Loop not vectorized: mixed data types

I’m trying to optimize a Fortran 90 code, from which I’m trying to squeeze last drops of performance :-).

Compiling the code using
pgf90 -fastsse -Minline=levels:2 -Minfo=all …
there is the message in the log:

924, Loop not vectorized: mixed data types
926, greenfun inlined, size=3, file mf__jan15_bilayer.f (2318)
2323, greenfun_2 inlined, size=23, file mf__jan15_bilayer.f (2332)

The line numbers point to the following part of the code (I restore the line numbers by hand):

924      do j=1,pm ; vova = nm_clmn(j)
925         sv = ksite(vova); tv = ktau(vova)
926	       m_v2(j,2) = GREENFUN(sv,tv,site,tnew)
927      enddo

Here nm_clmn(:) and ksite(:) is a (rather large) integer arrays, and ktau(:) and m_v2(:,1:2) are real*8 arrays. GREENFUN is a routine which gets inlined, as far as I understand, it’s basically a spline interpolation of a pre-tabulated array.

The question is then — what exactly prevents the compiler from vectorizing the loop, and if there is a way to fix it?

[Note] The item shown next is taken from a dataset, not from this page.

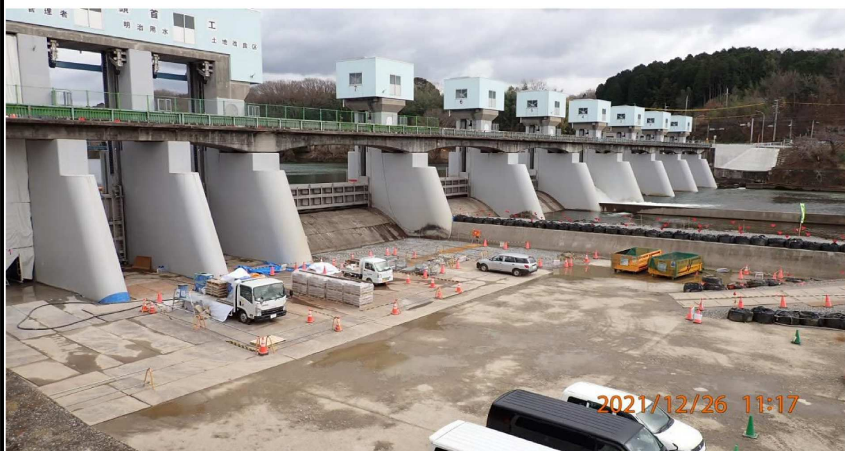
右岸34.5km付近の水源橋工事の様子。

Any suggestions would be gratefully appreciated.

Zhenya

Hi Zhenya,

924, Loop not vectorized: mixed data types

This means that the data types on the left and right hand side are different, hence preventing vectorization.

What data type does GREENFUN return? I’m assuming real4, in which, this needs to be changed to real8, or m_v2 needs to be real*4.

Hope this helps,
Mat

Hi Mat,

As a rule of thumb I try to avoid mixing real4 and real8 by just using real*8 always.

Double-checked the code once again, and no, there are only integer-s (no kind specified) and real8-s. And all the assignments in this code block are either integer-to-integer, or real8-to-real*8.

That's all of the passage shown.